Yearn.
10:21 p.m. on 02-22-03


Words can't express the love I feel for NCSA.

Seriouslly. That place is the college of my dreams. The people there, the curriculum, the future it promises... there is nothing else I want to do with my life than act. That sounds really corny. But it's so truuuuuuue.

I think my audition went pretty well, they usually just have kids do two monologues but they asked me to do three. And they remembered me from Summer Session.

Speaking of which...

I saw two of my good homies from Session Extraordinaire there. Actually, make that three. Will and Eddie from my acting classes, and Brian Johnson from my "extracurricular activities."

It was so fabulous seeing all of them again. I didn't expect to, especially Brian. But it was all so great. It was just like old times being with them.

That was the best summer of my entire life forever and ever to the maximum times infinity plus twelve.

All of the students there were so... so... so people I'd be friends with. At 32 actors per freshmen class, this is really the place I have the greatest chance of getting into. I just gotta beat out the other 500-600 who have already auditioned/yet to audition.

They were telling us that on average, we'll have one day off per week, and sleep probably only 3 hours a night. This is swell, because that pretty much follows my natural sleep patterns during the school week.

Classes are from 8 a.m. to 7 p.m., with lunch and dinner breaks, and from 7 on to 12 we'll most likely be doing rehearsals/schoolwork. Intense.

It will be tasking... but I can handle it. I never know what to do with my free time anyway.

AAAAAAAAnd I got my report card via the postal service. Looks good. I have a 3.8 G.P.A., almost straight A's and lots of encouraging comments like "courteous and cooperative" and "outstanding achievement" in (gasp) physics!

But I know I shouldn't get my hopes up. In fact, I'll probably be writing really depressing stuff in here come mid-March (a.k.a. the acceptance/denial letter sending status time).

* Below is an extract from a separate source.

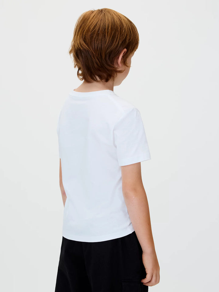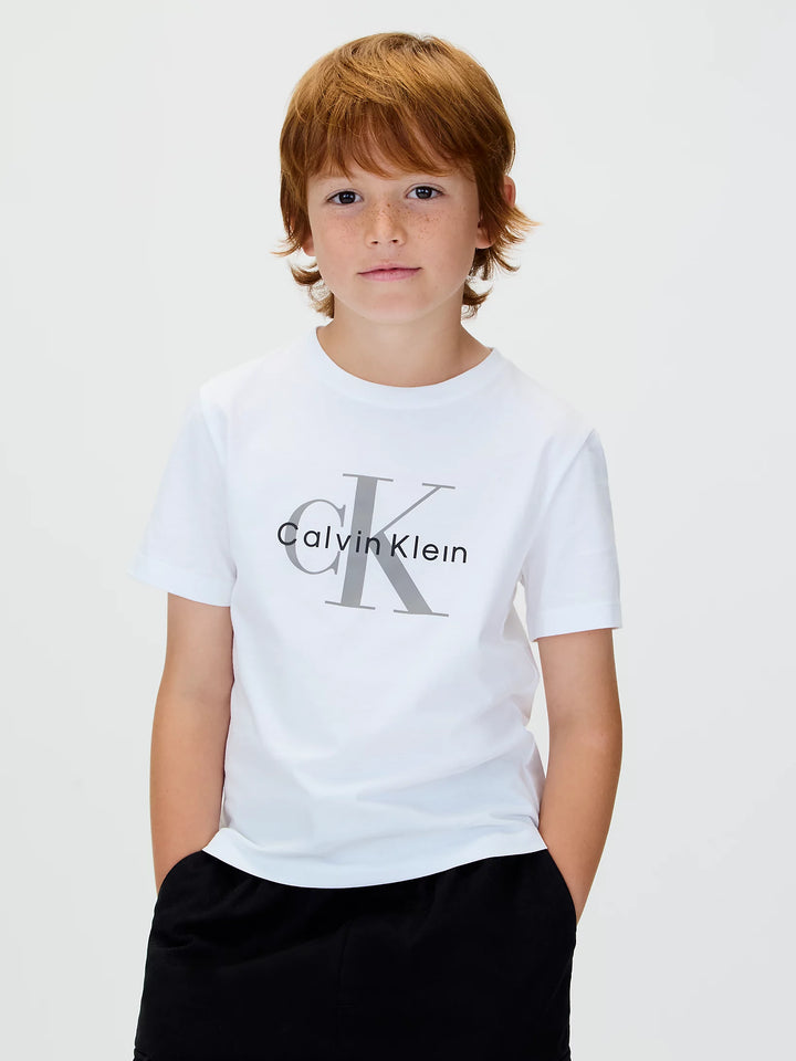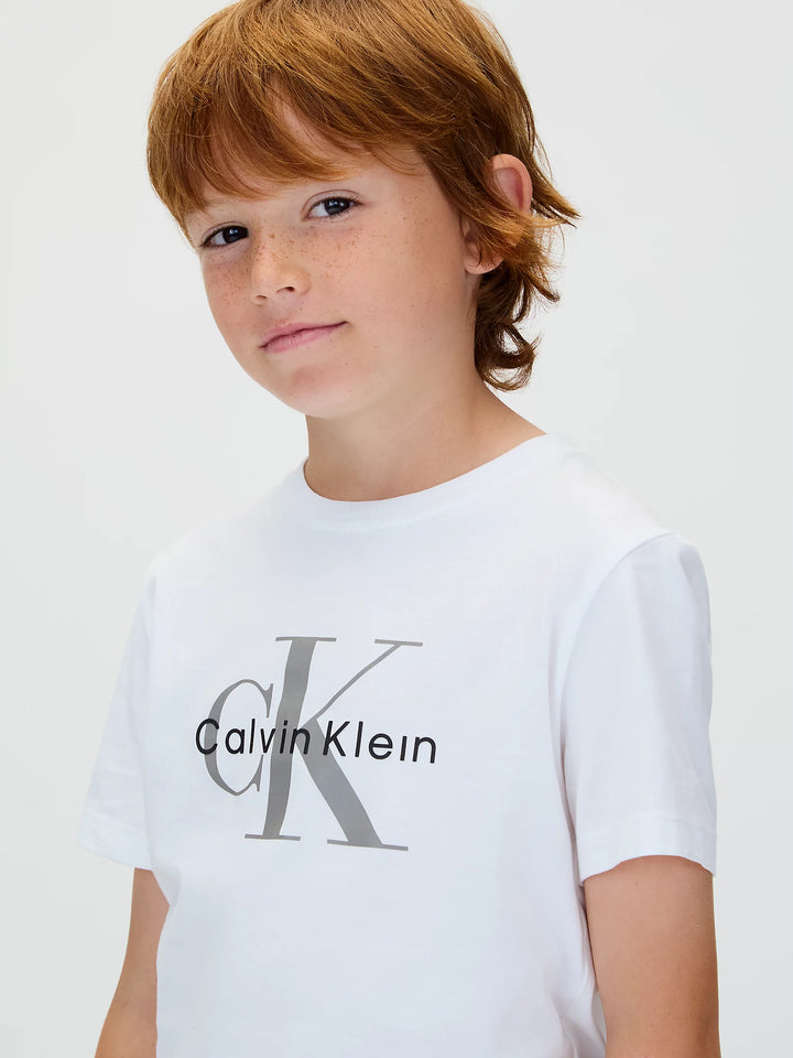 Questa t-shirt unisex per bambini, realizzata in cotone morbido, garantisce comfort e traspirabilità ideali per la quotidianità. Il design a manica corta è perfetto per la stagione calda, mentre il monogramma CALVIN KLEIN aggiunge un tocco distintivo di stile e qualità riconosciuta. Una scelta versatile e raffinata per il guardaroba dei più piccoli.
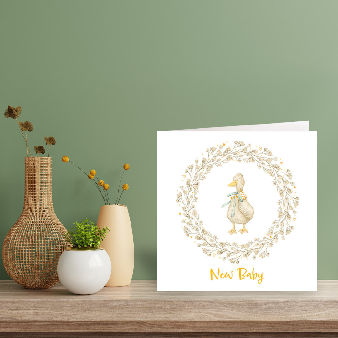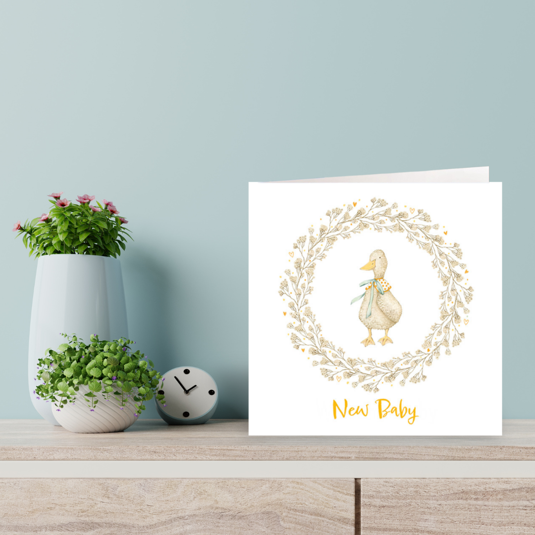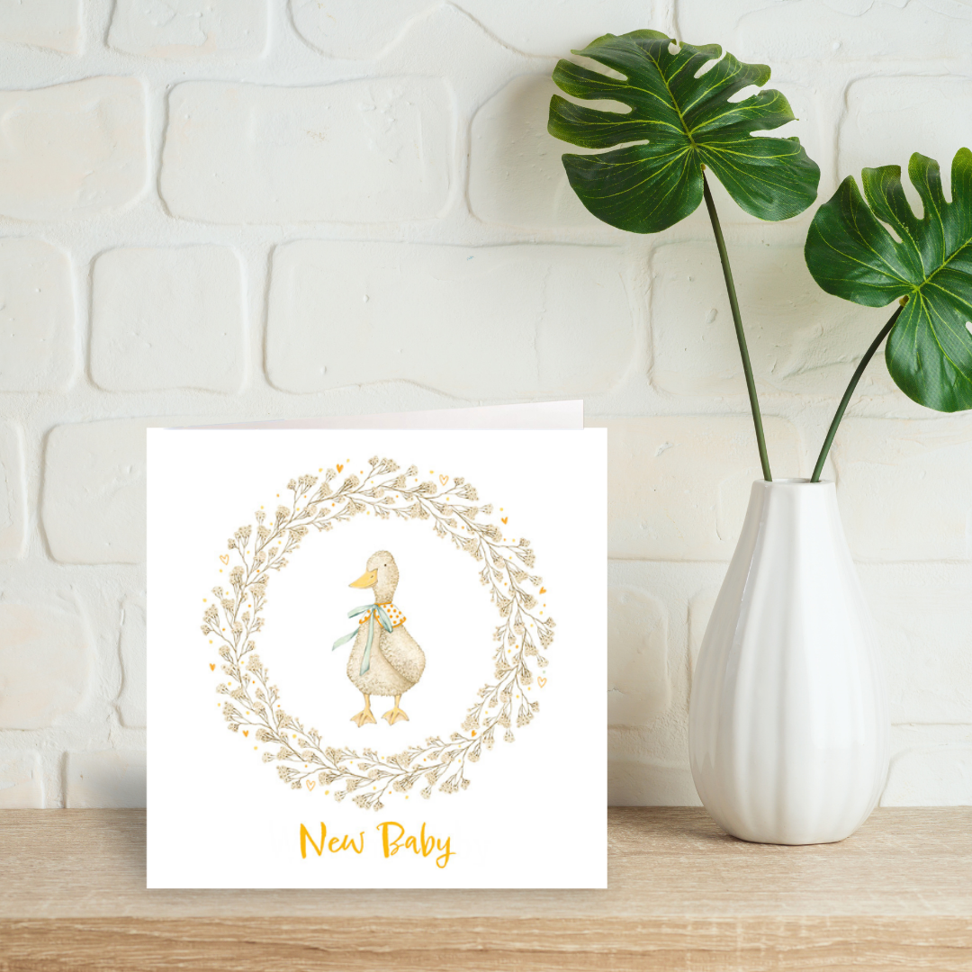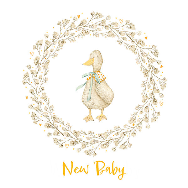 This card features a circle of baby's breath flowers surround a duck wearing a yellow collar with a light blue ribbon, with "New Baby" written in yellow cursive at the bottom of the design. The design pairs well with our Elegant Frills gift wrap.

I don't know, though, I just get have this really positive feeling about the whole thing.

But I do feel like a weiner not saying hi to Brian. Being the extreme slacker film student that he is, I don't know why he was up at the drama auditions at 8:00 on a Saturday morning. I think we saw each other. Neeerf.

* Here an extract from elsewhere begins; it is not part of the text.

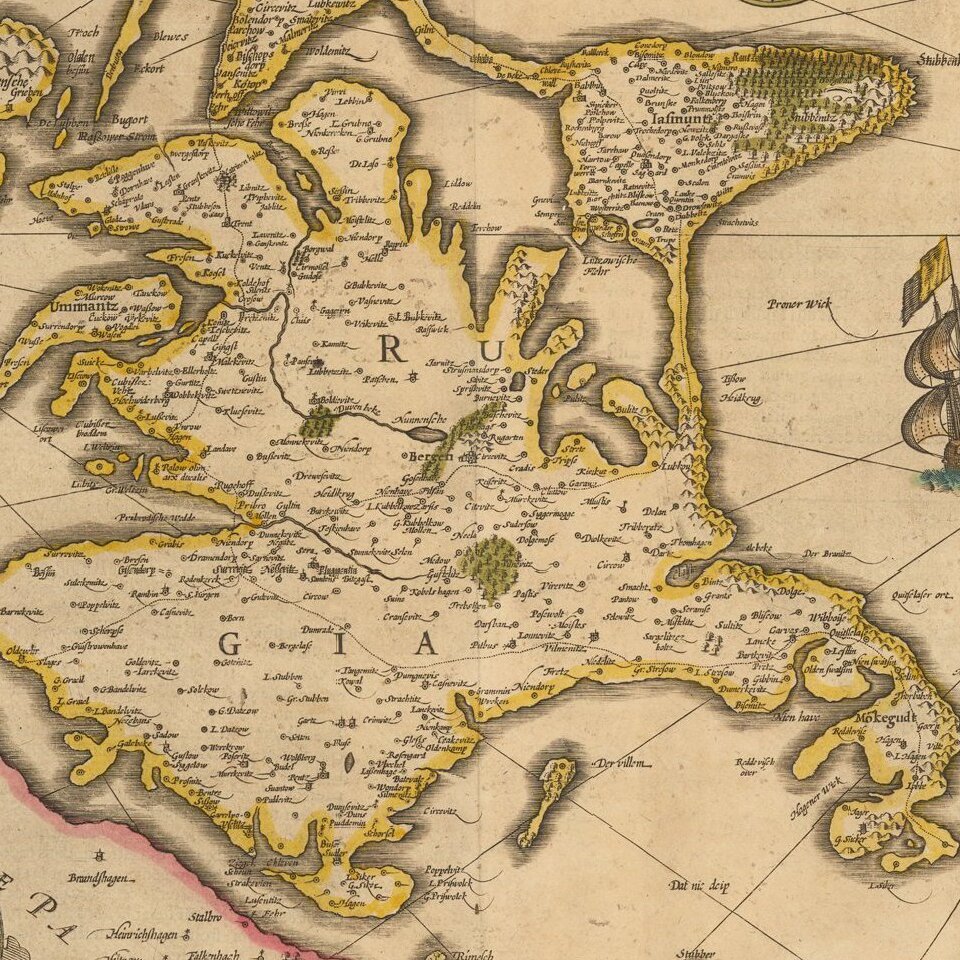 Jan Janssonius (also known as Johann or Jan Jansson or Janszoon) (1588-1664) was a renowned geographer and publisher of the seventeenth century, when the Dutch dominated map publishing in Europe. Born in Arnhem, Jan was first exposed to the trade via his father, who was also a bookseller and publisher. In 1612, Jan married the daughter of Jodocus Hondius, who was also a prominent mapmaker and seller. Jonssonius’ first maps date from 1616.

I wrote him some electronic mail just now. That whole schpeil was unfortunate/bittersweet. Just to have two more weeks there... things would've been, well, marvelously different.

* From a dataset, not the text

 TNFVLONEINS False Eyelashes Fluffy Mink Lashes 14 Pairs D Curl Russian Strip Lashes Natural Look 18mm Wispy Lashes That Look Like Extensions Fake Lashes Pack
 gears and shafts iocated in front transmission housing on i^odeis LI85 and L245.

God I miss it there. I want it so badly. So badly. The next three weeks promise to be chock full of hellish uncertainty.

I'm not a religious woman, and I'm not sure if any of you are (religious men or women), but if you are, could you please find it in your hearts to pray for me? I wouldn't ask unless it was really important, and it is. So much. Gaaa. Help. Please. Begging. Pleading. Yearning. Maximum. Desire. Waffles. Ketchup. Pants. Madness. Thank you.